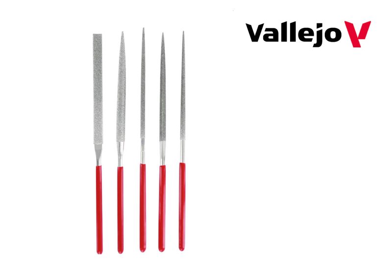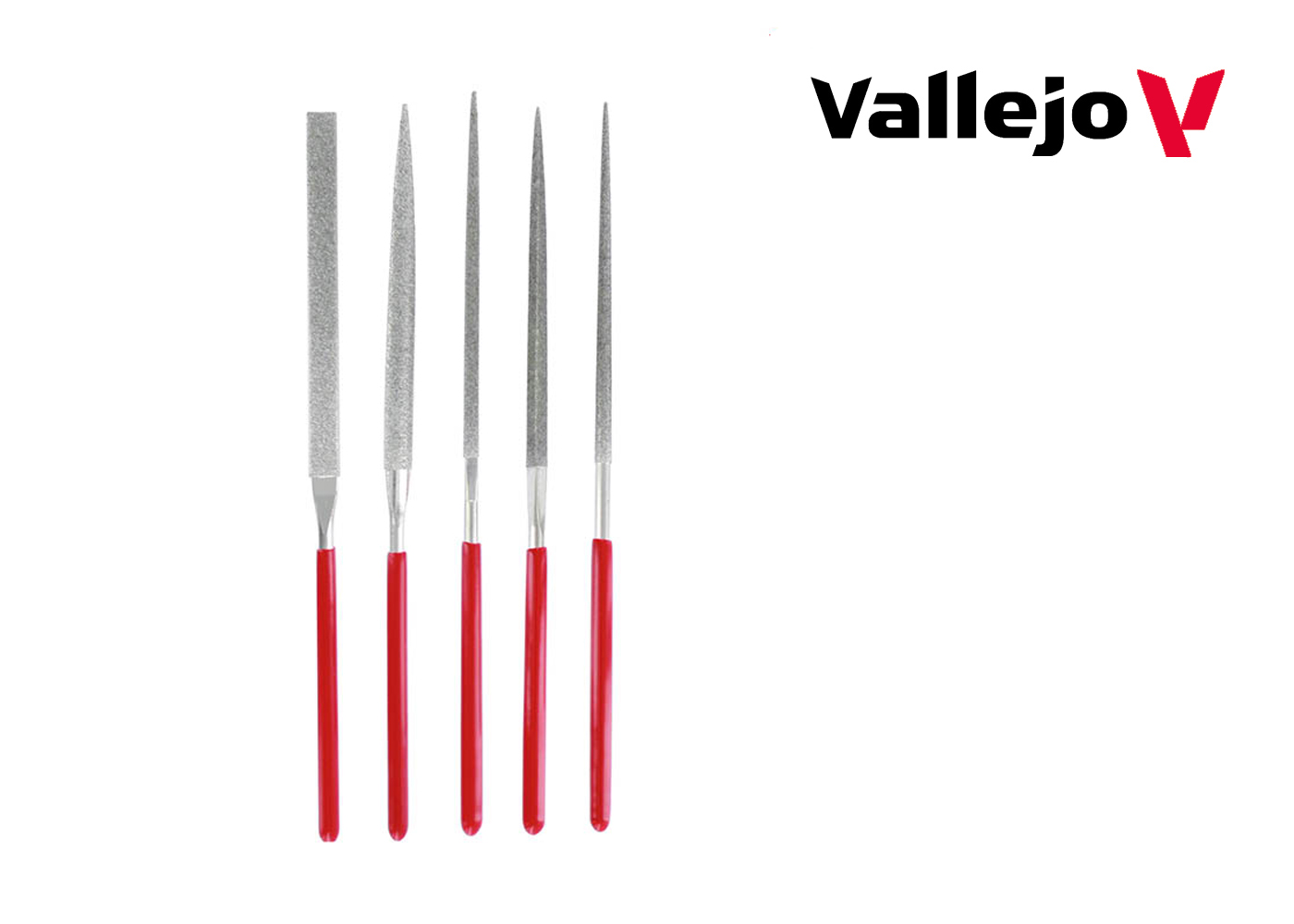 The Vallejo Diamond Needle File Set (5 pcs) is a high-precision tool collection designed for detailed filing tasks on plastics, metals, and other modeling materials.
=-=-=-=-=
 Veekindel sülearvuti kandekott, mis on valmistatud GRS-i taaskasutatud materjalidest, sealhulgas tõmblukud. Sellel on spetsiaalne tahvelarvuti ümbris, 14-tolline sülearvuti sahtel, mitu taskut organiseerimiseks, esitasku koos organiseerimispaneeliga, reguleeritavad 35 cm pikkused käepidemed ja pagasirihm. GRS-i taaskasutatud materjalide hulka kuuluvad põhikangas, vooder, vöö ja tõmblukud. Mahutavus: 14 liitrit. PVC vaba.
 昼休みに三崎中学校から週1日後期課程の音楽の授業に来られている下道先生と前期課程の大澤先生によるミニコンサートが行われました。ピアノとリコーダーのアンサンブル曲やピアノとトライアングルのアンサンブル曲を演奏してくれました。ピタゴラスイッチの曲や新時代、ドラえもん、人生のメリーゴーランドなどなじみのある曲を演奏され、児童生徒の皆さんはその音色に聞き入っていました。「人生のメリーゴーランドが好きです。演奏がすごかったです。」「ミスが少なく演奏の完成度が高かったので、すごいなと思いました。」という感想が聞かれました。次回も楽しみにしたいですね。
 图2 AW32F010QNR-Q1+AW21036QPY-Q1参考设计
=-=-=-=-=
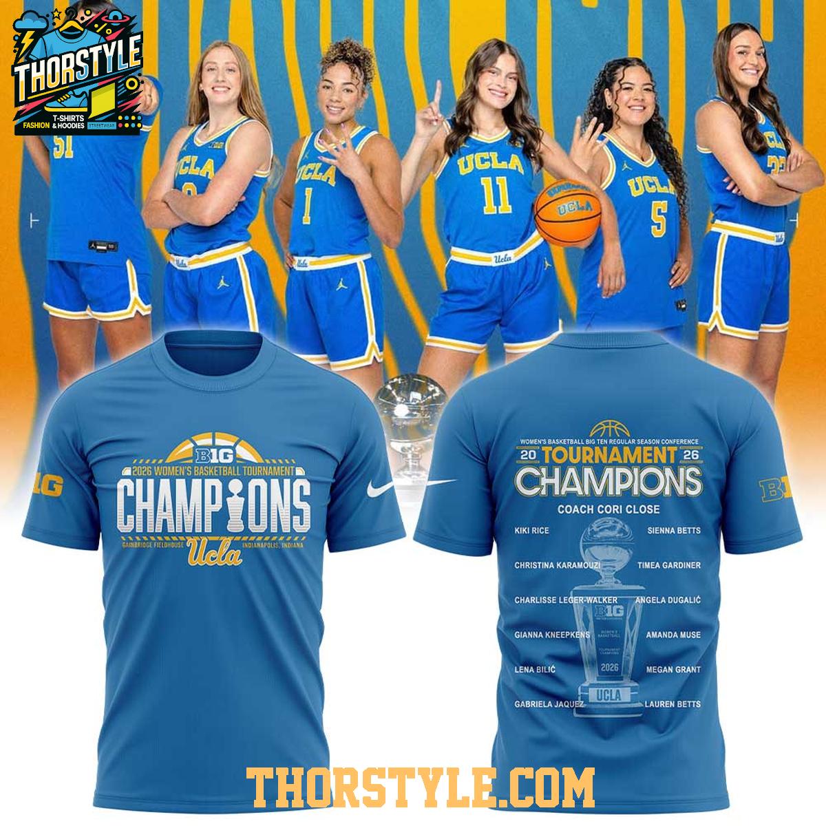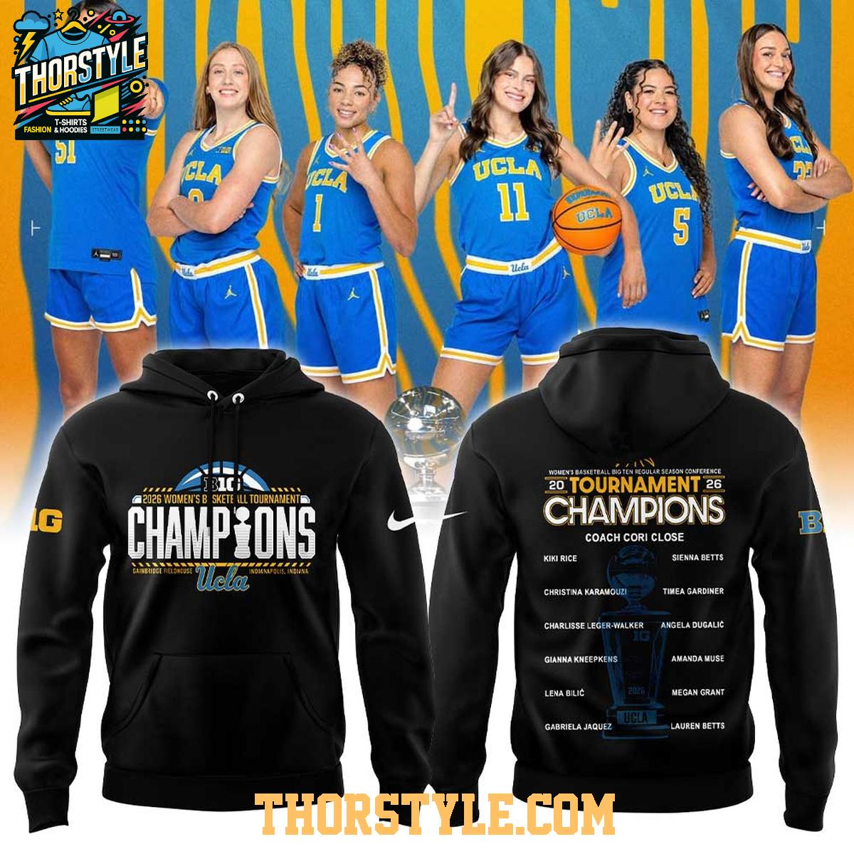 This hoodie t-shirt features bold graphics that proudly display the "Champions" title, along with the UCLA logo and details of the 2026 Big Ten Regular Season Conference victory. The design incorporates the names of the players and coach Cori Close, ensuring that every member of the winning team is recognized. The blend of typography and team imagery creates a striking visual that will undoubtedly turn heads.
=-=-=-=-=
* WHAT YOU NEED TO DO *
Please give again the lines above between the line holding "昼休みに三崎中学校から週1日" and the line holding "图2 AW32F010QNR-Q1+AW21036QPY-Q1参考设计", inclusive, exactly as they are and with nothing added.

* FINAL ANSWER *
 昼休みに三崎中学校から週1日後期課程の音楽の授業に来られている下道先生と前期課程の大澤先生によるミニコンサートが行われました。ピアノとリコーダーのアンサンブル曲やピアノとトライアングルのアンサンブル曲を演奏してくれました。ピタゴラスイッチの曲や新時代、ドラえもん、人生のメリーゴーランドなどなじみのある曲を演奏され、児童生徒の皆さんはその音色に聞き入っていました。「人生のメリーゴーランドが好きです。演奏がすごかったです。」「ミスが少なく演奏の完成度が高かったので、すごいなと思いました。」という感想が聞かれました。次回も楽しみにしたいですね。
 图2 AW32F010QNR-Q1+AW21036QPY-Q1参考设计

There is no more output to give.